Dura presa di posizione delle segreterie regionali di Fim, Uilm, Fismic e Uglm sullo sciopero proclamato in Fca dall’Usb in polemica con l’acquisto di Cristiano Ronaldo da parte della Juventus. “È incredibile che in una fase così delicata del gruppo Fca ma soprattutto per lo stabilimento di Melfi si proclami lo sciopero su di una vicenda che nulla ha a che fare con il lavoro e con i lavoratori. Mentre alcuni lavorano quotidianamente affinché si possano costruire le basi per il futuro industriale dello stabilimento di Melfi, alla luce del nuovo piano industriale annunciato dall’ad. Marchionne il 1° giugno 2018, altri – sedicenti sindacati – per mera pubblicità giocano sulla pelle e sul futuro dei lavoratori”.

“Purtroppo per loro, i lavoratori di Melfi, oltre ad aver dimostrato negli anni di essere persone serie, hanno quella maturità e quella responsabilità di affermare che il lavoro è davvero un bene comune, attraverso la non adesione a questo fantomatico sciopero, che lede l’immagine e risulta essere fuorviante rispetto alle problematiche vere – ovvero il lavoro – che da sempre rappresenta il fulcro e l’obiettivo nobile di ciascuna organizzazione sindacale”.

Sulla questione il Corriere della Sera oggi riporta alcune dichiarazioni del segretario della Fim lucana, Gerardo Evangelista, e del leader nazionale dei metalmeccanici della Cisl, Marco Bentivogli.

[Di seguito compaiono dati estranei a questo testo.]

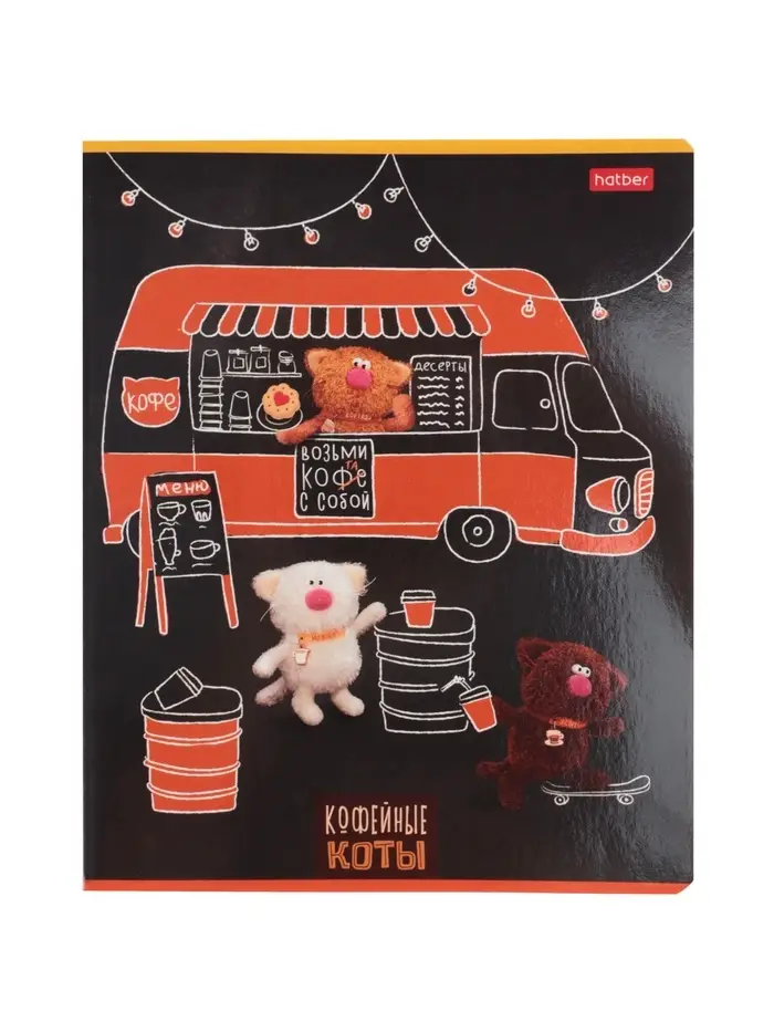Тетрадь 48л кл Hatber "Кофейные коты", на скобе, скругл углы, 60-65г/м² 5В МИКС

Intervistato dal giornalista Roberto Di Vico, Evangelista sottolinea che “nell’epoca dei social ognuno può inventarsi la sua, compreso lo sciopero indetto da una sigla totalmente ininfluente in fabbrica e che spera in questo modo di avere maggiore visibilità. Ma è un modo di fare sindacato ai limiti del cinismo e non ha nessun collegamento con i problemi reali della fabbrica”. E sul nuovo piano industriale ribadisce: “Melfi è stato sempre un laboratorio di cultura industriale e la scelta dell’ibrido sarebbe perfetta”.

“Sullo sciopero di Melfi ha ragione Evangelista”, aggiunge Bentivogli, ma sottolineando che “i compensi dello sport, dei manager e delle star dello spettacolo hanno fatto saltare ogni correlazione morale con il salario dei lavoratori. Lo stipendio di Ronaldo, lo dico da juventino, è solo uno dei tanti e questa montagna di denaro non ha nulla di dignitoso”.